Altman was a master of the ensemble film, known for using overlapping and seemingly overheard dialogue — conveying the way people really speak, if rarely in the movies. Though second to none in making a widescreen frame visually compelling, he also was an actor's director, beloved by the often improvising performers he viewed as true collaborators. Several of them (Lily Tomlin, Keith Carradine, Shelley Duvall, Elliott Gould) returned to his movies again and again.
Born Feb. 20, 1925, in Kansas City, Mo., Altman did not hit it big until he was 45 — and only then after an army of directors had turned down the chance to direct the Korea-as-Vietnam political farce M*A*S*H.
Before that, Altman did industrial films and network TV fodder from Whirlybirds to Surfside 6 to Bonanza to Bus Stop. And before that, he co-directed the first James Dean documentary and made a 1957 Kansas-shot bargain basement cheapie called The Delinquents.
An uncomprehending 20th Century Fox had little clue that M*A*S*H would be a hit in January 1970. M*A*S*H's irreverence tapped perfectly into the mood of a country burned by Vietnam.
So MGM hustled to get his follow-up (the still not-on-DVD Brewster McCloud) into theaters in December. That movie was a bent, if frequently uproarious, fable about a young dweeb (Bud Cort) who constructs a flying machine to soar in Houston's Astrodome while half the movie's characters get killed by bird droppings. Merry Christmas.
Commercial success was never what Altman was about.
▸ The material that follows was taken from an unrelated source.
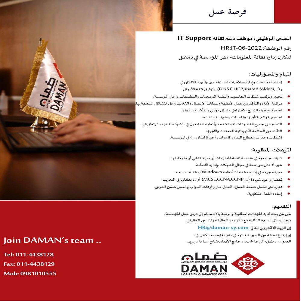 فرصة عمل-موظف دعم تقانة
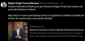 “Por ello, hoy, en mi primera declaración como Senador de la República, quiero extender la mano y manifestar mi disposición a colaborar con el nuevo gobierno federal y estatal para sumar esfuerzos y lograr lo que todos queremos: un México y un Veracruz más próspero y justo, donde podamos vivir con seguridad y en armonía», concluyó.

He did amass five Oscar nominations over four decades and then an honorary award this year to suggest at least some respect by the non-maverick establishment.
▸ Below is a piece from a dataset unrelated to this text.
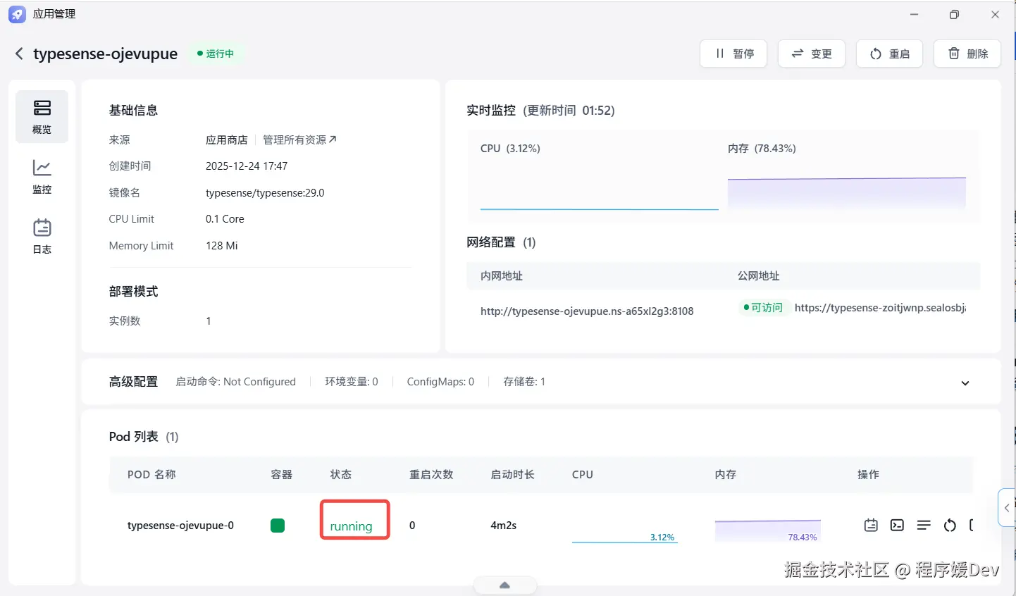 - 第三步:等待部署成功,获取服务地址 整个过程不到 3分钟,应用状态就变成了 Running。在“网络配置”部分,我找到了 Sealos 为我生成的公网访问地址,比如

He revealed on March's Academy Awards telecast that he had a heart transplant 10 years ago but feared that admitting it would have cost him work.
Altman's films often became classics in retrospect — though it didn't take long in the case of 1971's McCabe & Mrs. Miller. His beyond-quirky 1973 adaptation of Raymond Chandler's The Long Goodbye (try detective Philip Marlowe with a pet cat) was rescued by a Pauline Kael rave review after other critics had written it off. Even 1975's Oscar-nominated Nashville— one of the best from the movies' richest decade — failed to do much business despite making the cover of Newsweek.
In the late '70s and '80s, Altman may have started to read his own press clippings too much: Quintet, A Perfect Couple, O.C. and Stiggs and Beyond Therapy were not the paths to posterity. His theory seemed to be to keep working and the percentages would start to work in his favor. Even the '80s produced the one-man Nixon portrayal Secret Honor and TV's marvelous Tanner '88.
Altman came roaring back with 1992's inside-Hollywood The Player. Aside from a widely regarded stumble with 1994's Ready to Wear, you can make some kind of case for just about every feature he made after that, especially underappreciated delights such as Kansas City and Cookie's Fortune.
This may be among the saddest days for movie fans, but they can find some consolation in a most stimulating parlor game (speaking of Gosford Park): ranking favorites from this prolific filmmaker.